> **TASK DESCRIPTION**: Write out exactly the lines below starting at the one containing "社会福祉法人 城東区社会福祉協議会" and ending at the one containing "Gambar 10. Salah satu spot foto yang dibuat". Omit every picture.

> **EXTRACTED DATA**:

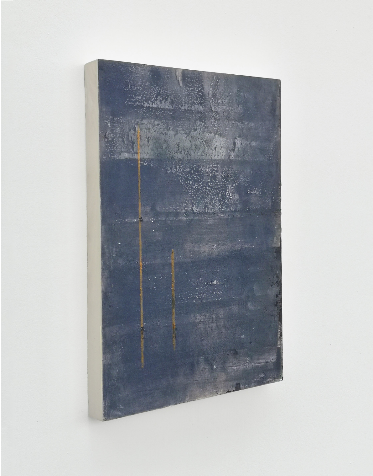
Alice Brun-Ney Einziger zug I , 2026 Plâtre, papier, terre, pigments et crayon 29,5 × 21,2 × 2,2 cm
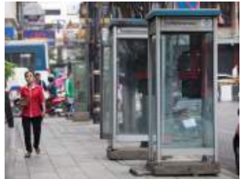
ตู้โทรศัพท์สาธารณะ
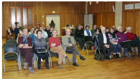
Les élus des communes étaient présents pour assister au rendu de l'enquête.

---

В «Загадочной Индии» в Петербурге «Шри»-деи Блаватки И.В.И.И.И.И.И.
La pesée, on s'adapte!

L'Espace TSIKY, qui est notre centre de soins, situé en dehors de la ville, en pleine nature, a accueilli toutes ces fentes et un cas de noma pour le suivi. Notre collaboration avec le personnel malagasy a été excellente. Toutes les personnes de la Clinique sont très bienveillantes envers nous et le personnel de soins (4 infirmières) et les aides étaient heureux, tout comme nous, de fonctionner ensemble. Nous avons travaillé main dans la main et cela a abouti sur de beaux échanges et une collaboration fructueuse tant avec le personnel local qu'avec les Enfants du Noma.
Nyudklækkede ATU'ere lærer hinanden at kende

--

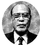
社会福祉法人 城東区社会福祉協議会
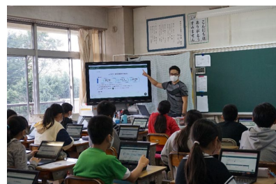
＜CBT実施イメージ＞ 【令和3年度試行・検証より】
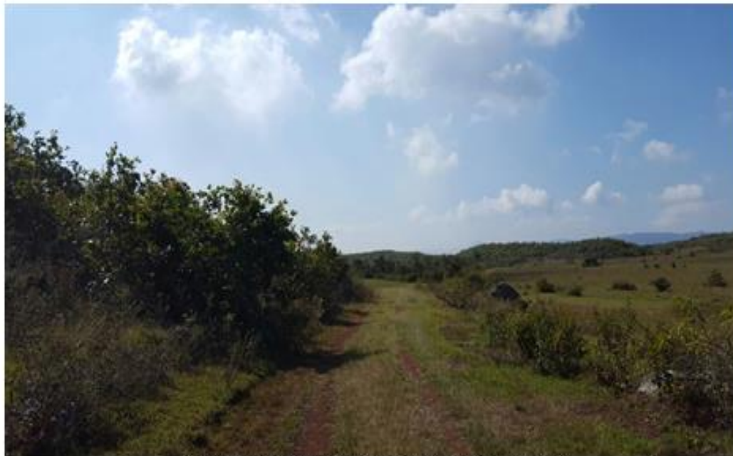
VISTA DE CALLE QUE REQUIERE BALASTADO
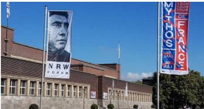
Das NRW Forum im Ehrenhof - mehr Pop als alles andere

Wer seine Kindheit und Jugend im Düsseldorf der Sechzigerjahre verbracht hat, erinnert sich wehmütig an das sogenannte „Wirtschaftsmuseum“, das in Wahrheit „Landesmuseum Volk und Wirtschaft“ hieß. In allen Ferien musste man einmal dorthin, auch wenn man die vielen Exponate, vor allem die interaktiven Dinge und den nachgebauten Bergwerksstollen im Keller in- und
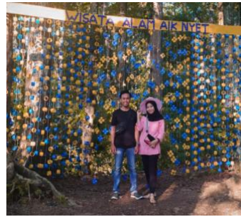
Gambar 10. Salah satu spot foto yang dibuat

> **RESULT FOR THIS EXERCISE**:
社会福祉法人 城東区社会福祉協議会
＜CBT実施イメージ＞ 【令和3年度試行・検証より】
VISTA DE CALLE QUE REQUIERE BALASTADO
Das NRW Forum im Ehrenhof - mehr Pop als alles andere

Wer seine Kindheit und Jugend im Düsseldorf der Sechzigerjahre verbracht hat, erinnert sich wehmütig an das sogenannte „Wirtschaftsmuseum“, das in Wahrheit „Landesmuseum Volk und Wirtschaft“ hieß. In allen Ferien musste man einmal dorthin, auch wenn man die vielen Exponate, vor allem die interaktiven Dinge und den nachgebauten Bergwerksstollen im Keller in- und
Gambar 10. Salah satu spot foto yang dibuat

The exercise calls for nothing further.